Turtle has stopped eating. She watches him.

“Do you like your cassoulet?” he says.

“It’s fine,” she says.

“You want something else?”

“I said, it’s fine.”

“Christ,” he says.

She goes back to eating.

“Look at you,” he says, “my daughter. My little girl.”

He pushes aside his plate and sits there looking at her. After a while, he nods to her backpack. She walks to it, opens it, brings out her notebook. She sits down opposite him, notebook open. She says, “Number one. ‘Erinys.’” She stops, looks up at him. He puts one large, scarred hand across the open book, draws it across the table. Looks down at it.

“Well, now,” he says. “Look at that. ‘Erinys.’”

“What is that?” she says. “What does that mean, ‘Erinys’?”

He looks up from the book, his attention is fixed on her, and it is enormous with his affection and with something private. “Your grandfather,” he says, careful, wetting his lips with his tongue, “your grandfather was a hard man, kibble, he still is: a hard man. And do you know that your grandfather— Well, fuck, there is a lot your grandfather never said or did. There is something broken in that man, profoundly broken, and his brokenness is in everything he’s done, his whole life. He never could see past it. And I want to say, well, kibble, how much you mean to me. I love you. I do things wrong, I know I do, and I have failed you, and I will again, and the world I am raising you into—it is not the world I would want. It is not the world I would choose for my daughter. I do not know what the future holds, not for you and me. But I am afraid, I will say that much. Whatever you lacked, whatever I haven’t been able to give you, you have always been loved, deeply, kibble, absolutely. And I wanted to say, you will do more than I have. You will be better and more than I am. Never forget that. Now, here it is. Number one. ‘Erinys.’”

Turtle wakes in the predawn dark thinking about that. Thinking about what he’d said. She cannot get back to sleep. She sits at the bay window and looks out at the ocean, the rose thorns itching at the panes. What had he meant, there is something broken in that man? Outside, it is clear. She thinks, you will be better and more than I am, reproducing his expression in her mind, trying to get at what he meant. She can see the stars out above the ocean, though when she looks north, she can see the lights of Mendocino reflected in the clouds. She turns, feet on the floor, elbows on her knees, and looks at her room. The beam-and-cinder-block shelves, her clothes neatly stowed. Her plywood platform bolted to the wall, with its sleeping bag and folded wool blankets. The door, the brass doorknob, the copper lock plate, the old-fashioned keyhole. She pulls on her jeans and she belts on Grandpa’s knife and adds a concealment holster, telling herself, just in case, just in case, walking to her bed and reaching under it and pulling her Sig Sauer from the brackets there. She shrugs into a thick wool sweater, and over that a flannel, and walks barefoot through the hall, holstering the pistol.

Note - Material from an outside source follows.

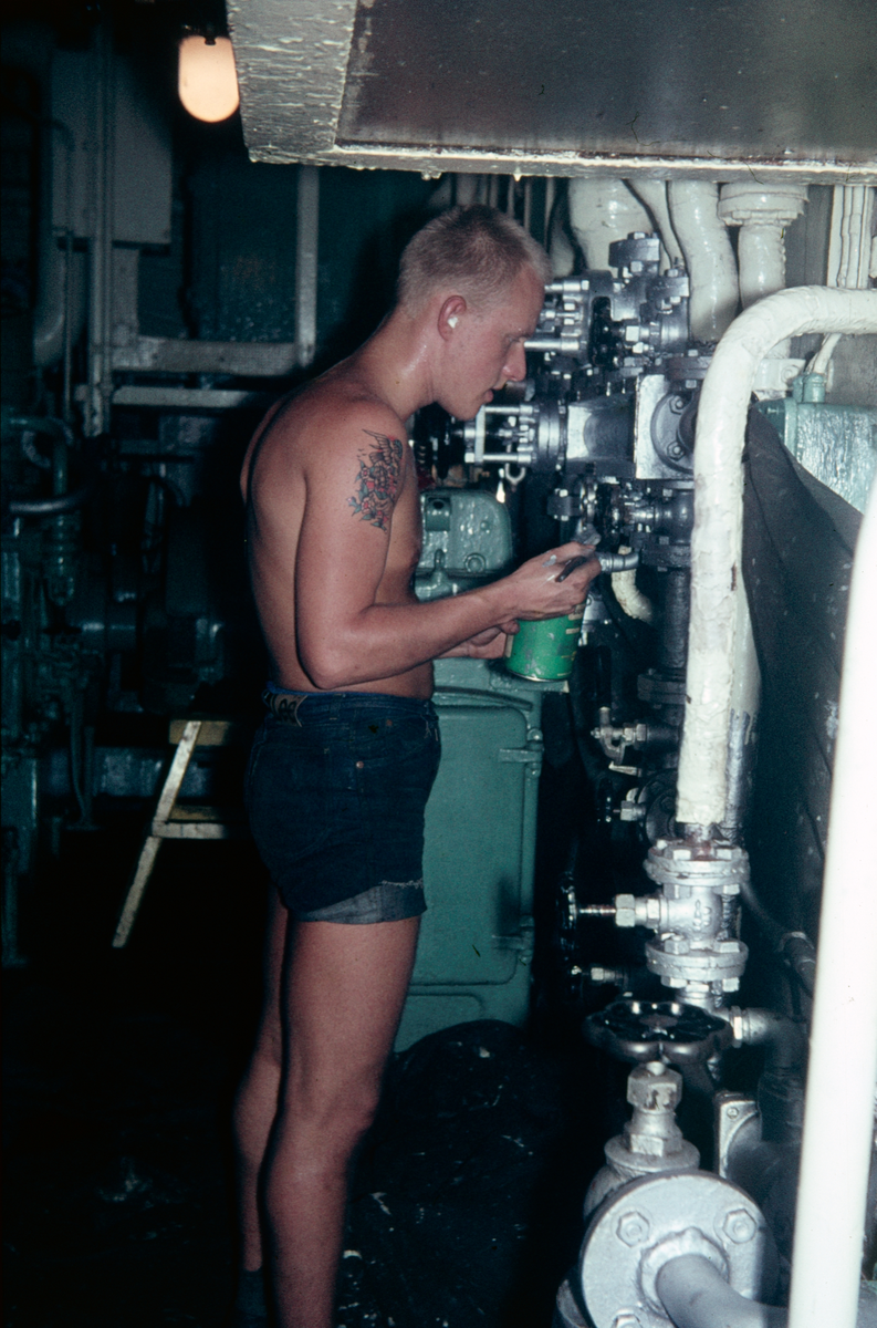 Besättningsman utför måleriarbete i maskinrummet på M/S NORDSTJERNAN.

She climbs down the stairs, but stands on the lowest step, hesitating, soaking up the loneliness of the house in some way, as if it had something it could tell her, the generations of Alvestons who have lived here, and all of them, she thinks, unhappy, all of them bringing their children up hard, but all of them having something to them.

Just down the hall, Martin is in his huge redwood bed, the moon casting the shadows of the alder leaves onto the drywall, and she imagines him there, solid, one hand resting on that enormous chest. She walks into the kitchen and eases open the back door. The night is clear. The moonlight is bright enough to see by. She walks along the joists and stands looking down into the black ferns. She can smell the creek. She can smell the pines. She can smell their curling, dusty needles.

She switchbacks through myrtles and rusty fronds. She comes into the rocky creek and wades up it, her feet numb with cold. The trees rise blackly into the star-glittered vault. She thinks, I will go back now. Back to my room. I have promised and promised and promised and he cannot bear to lose me. To the east, the stream shines glassy from out the riotous dark. She stands breathing, taking in the silence for a very long time. Then she goes.